Tuesday, October 9, 2012


After a long summer, the fall looks like it's going to be gone even sooner than I'd imagined-- it's not been two weeks since I was sleeping with the A/C on maximum, and already I'm feeling glad for hot tea on the chilly mornings. In the fields, all but the latest rice is ripe and ready, and lately on my commute to work, I've been dodging combine harvesters and overloaded kei trucks bringing the grain to market. I was woken early last Saturday by the rumble of equipment behind Green House A-- an old farm couple already had the paddies adjoining the apartment well in hand by the time I'd had my breakfast.




Come Sunday a week later, and I was up with the birds too, with different produce on my mind. Among the events buried in last week's bout of Delayed Updateitis was another of my weekend daytrips to the nearby village (1) of Gojōme.

As its name, 五城目/"Fifth Castle" suggests, Gojōme was formerly a provincial castle-town-- a concrete reimagining of the original keep (honmaru/本丸), still looks over the town from the nearby mountain Moriyama, safely guarding a treasured collection of dusty stuffed wildlife and exhibits on local economic history.







Chuck Testa was here.


The "Forest Friends" (森の仲間たち/mori no nakama-tachi)  referenced in the label aren't looking so friendly. And in bad need of a good vacuuming.
Theatrical masks made by a local craftsman...

And a step-by-step construction example.

Logging in the nearby mountains seems to have been a local specialty.

I wonder which bright spark came up with this.
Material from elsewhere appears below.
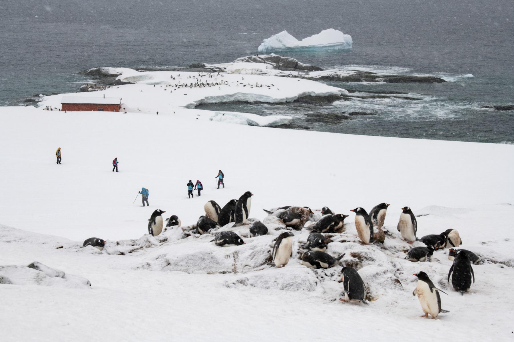 Marine mammals thrive in the surrounding nutrient-rich waters. Humpback, minke, and orca whales patrol the icy seas, feeding on abundant krill swarms. Seals are also plentiful—Weddell, crabeater, leopard, and southern elephant seals haul out on ice floes or beaches to rest and breed.
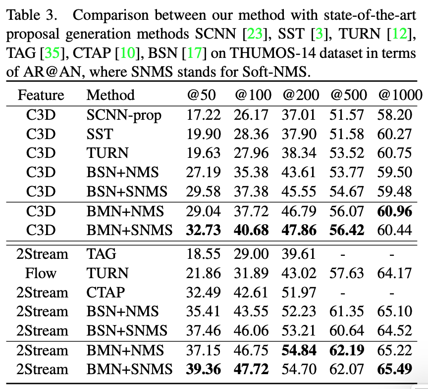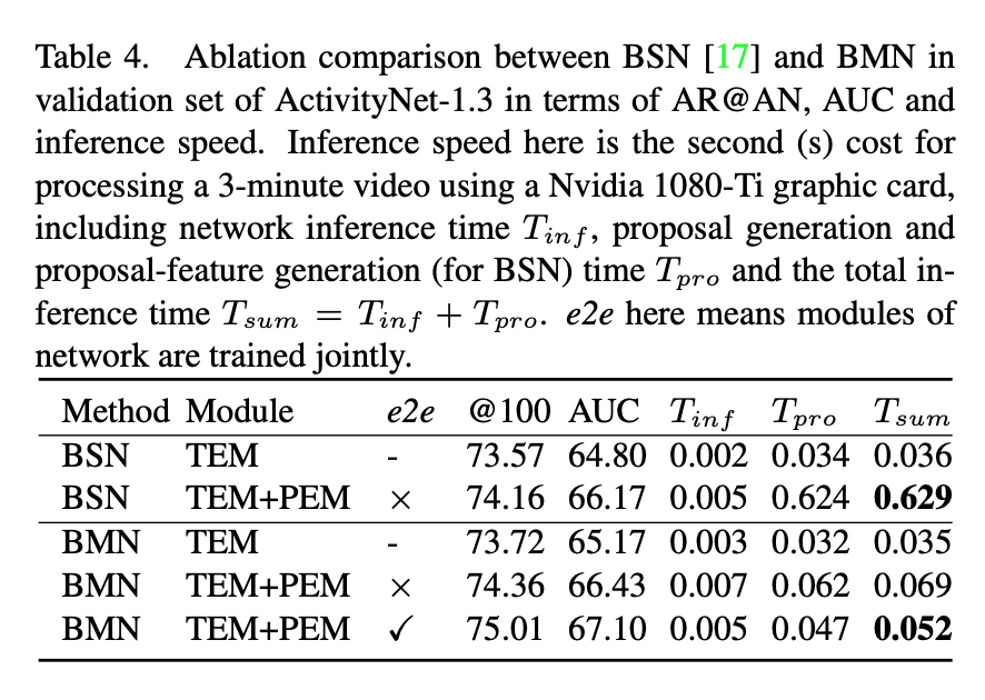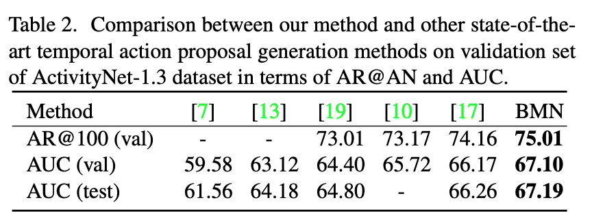 마지막으로는 e2e 방식 즉 , TEM과 PEM을 따로따로 학습 시킨 것이 아닌 , jointly하게 학습 시켰을 때 가장 좋은 성능을 보여주며 이는 BMN의 framework의 optimization이 전반적으로 잘 수행이 된다는 것을 의미합니다.

The label, 「バチゾリ」/bachizori isn't in my dictionary. Based on context.... it's probably a dialect word for either 'sleigh" or "bad idea".  

Rafting the cut logs downriver-- ikada/いかだ= "raft".
Transportation in Gojōme: the town's first bicycle with its proud owners, the proprietors of  Miyata Drapers. Date  is Meiji 40/1907. 
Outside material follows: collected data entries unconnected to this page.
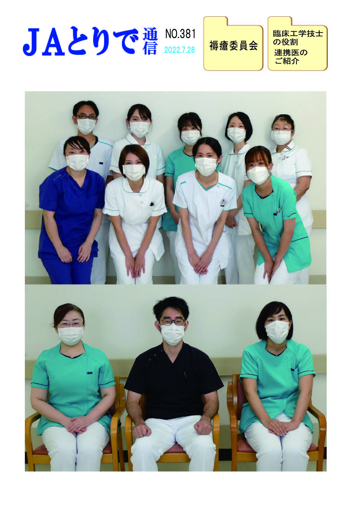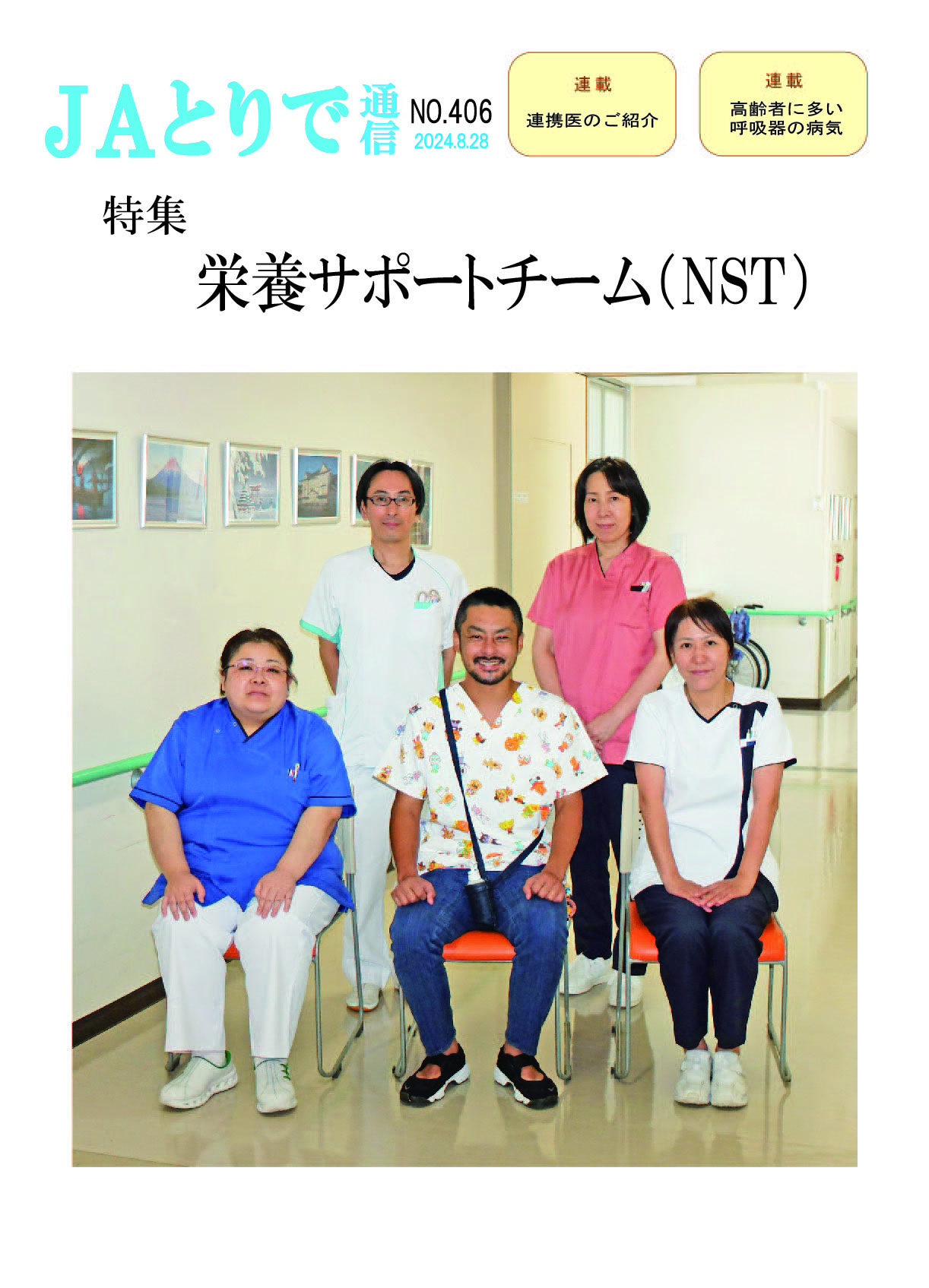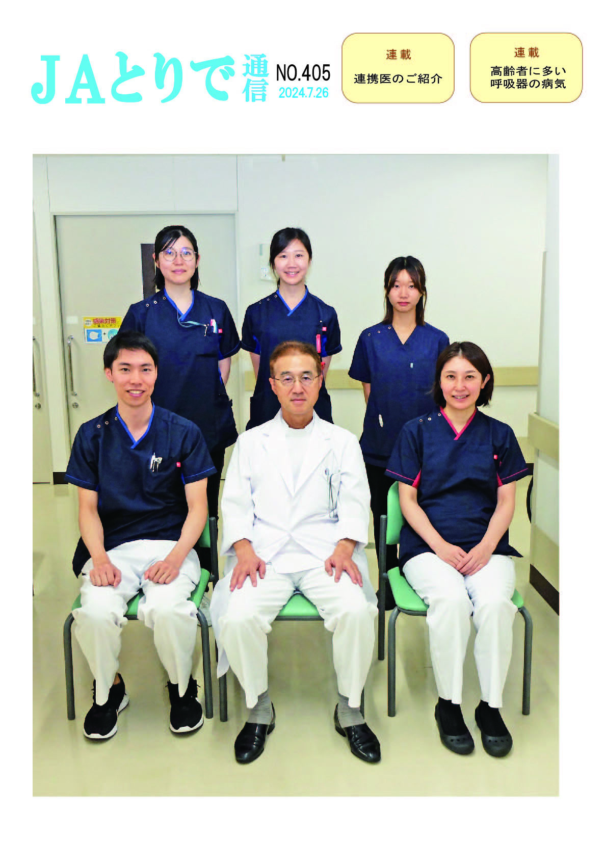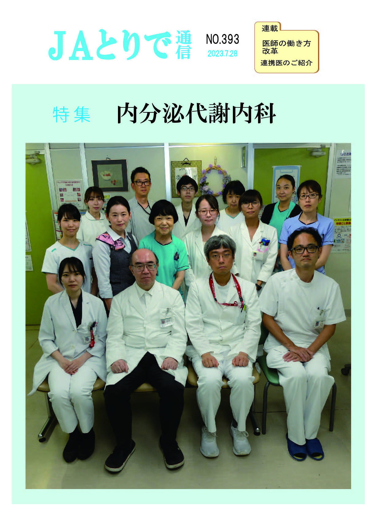 特集 心理職の業務について 健康講話 連載 関節リウマチ(1) 膠原病・リウマチ内科部長 鈴木文仁 連携のご紹介 さくら整形外科クリニック 院長 槌谷宏平 新人のご紹介 4階東病棟 おいしい治療食のレシピ 腎臓病食 JAとりで総合医療センター 栄養部 病院のうごき ・作業療法士の増田さんへ感謝状 ・第44回院内看護研究発表会を開催 ・2024年度看護部ウォードコンペを開催 ・2024年度看護部MVPを5名が受賞 お知らせ ・入院患者さんへの面会を再開しました |
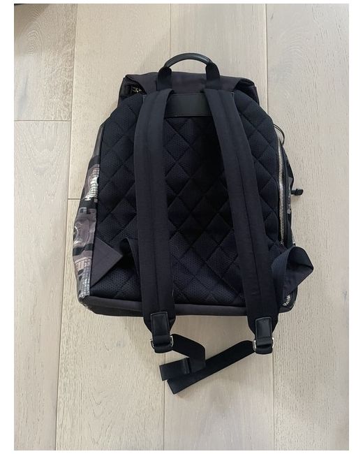 Made from a lightweight polyester, this sports-style backpack features a tonal camera pattern throughout. Complete with flap closure and clip fastenings Adjustable straps Zip pocket on inside flap Side draw-cord pockets Large main compartment for laptop Pet and smoke free home PLEASE LOOK AT MY OTHER ITEMS
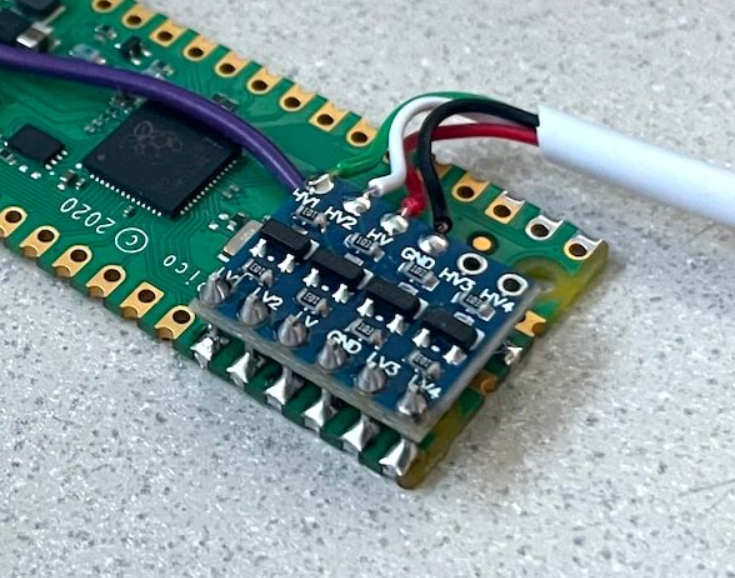 A good idea is to mount the level shifter on top of the Pico, as in this photo:

The commanding view from the donjon's verandah.

Gojōme's history as a castle town turns out to have left one further mark on its modern history-- on days of the month ending in 0,2,5, and 7, it hosts a morning local produce market on Shitamachi-dori, the avenue that runs along the approach to its temple. Run, in the main, by charming, garrulous old ladies(2) with their farms' finest spread over back issues of the Yomiuri Shinbun, it wasn't yet in full swing when I came by in September and filled a morning browsing for cucumbers, nashi, and okra.
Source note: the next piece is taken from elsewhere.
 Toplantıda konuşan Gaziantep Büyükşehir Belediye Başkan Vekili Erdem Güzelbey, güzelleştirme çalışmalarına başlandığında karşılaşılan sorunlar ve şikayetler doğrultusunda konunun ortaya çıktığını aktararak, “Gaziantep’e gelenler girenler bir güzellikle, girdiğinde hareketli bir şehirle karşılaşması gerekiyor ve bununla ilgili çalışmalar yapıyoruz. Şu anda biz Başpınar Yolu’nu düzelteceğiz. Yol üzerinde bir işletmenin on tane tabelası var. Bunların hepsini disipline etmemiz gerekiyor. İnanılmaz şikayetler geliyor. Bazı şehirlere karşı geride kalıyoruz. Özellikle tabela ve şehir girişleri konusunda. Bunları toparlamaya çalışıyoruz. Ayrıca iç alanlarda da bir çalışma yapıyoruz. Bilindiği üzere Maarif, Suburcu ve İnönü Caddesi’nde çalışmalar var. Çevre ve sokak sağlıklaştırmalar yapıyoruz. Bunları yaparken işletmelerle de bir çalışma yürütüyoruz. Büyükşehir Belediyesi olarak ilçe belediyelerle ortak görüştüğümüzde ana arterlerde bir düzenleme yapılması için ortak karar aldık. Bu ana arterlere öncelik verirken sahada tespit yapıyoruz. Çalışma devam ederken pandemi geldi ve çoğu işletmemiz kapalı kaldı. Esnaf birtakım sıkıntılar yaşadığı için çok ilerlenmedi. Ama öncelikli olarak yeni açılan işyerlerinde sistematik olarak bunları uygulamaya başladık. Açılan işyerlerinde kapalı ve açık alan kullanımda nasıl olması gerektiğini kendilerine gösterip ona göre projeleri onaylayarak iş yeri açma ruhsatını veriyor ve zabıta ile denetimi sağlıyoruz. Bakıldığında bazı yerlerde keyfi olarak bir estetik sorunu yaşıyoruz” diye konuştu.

 <You live in Funakoshi? Come back in the middle of October>, one of the vendors had said, filling my bag with far more eggplants than my ¥100 had actually paid for. <That's when the mushrooms come in.> <The mushrooms?> I asked, struggling to parse her Akita-ben.

<Oh, yes, the mushrooms! Some years matsutake. What are you planning to do with all the eggplants?>

<With this many... stir-fry the first three and salt-pickle the rest with wasabi?>

<Amazing! You know Japanese pickles! Here, have a few more!>

With my crisper filled with pickled eggplant and visions of mushrooms dancing in my head, I began to plan my return.


I made it in to town by midmorning, just as the market was reaching its peak. Joining me in my browsing were out-of-towners from as far away as Tokyo, a few of whom got much amusement out of my "local" status when I struck up a conversation with them.






It didn't take me long to hit paydirt-- no matsutake were to be had (I hear it's a bad year for them), but dozens of local specialties were on sale-- all of them unlabeled, with un-Googleable dialect names. I asked which ones made good udon and returned with two varieties: hatsutake, a crumbly orange variety with a hollow stem that bruised blue (a characteristic I'd only ever heard about occurring, rather thrillingly, in certain other mushrooms...), and half a kilo of small, brown, slimy fungi which I was instructed, helpfully, to parboil before cleaning or preparing-- and whose name I immediately forgot!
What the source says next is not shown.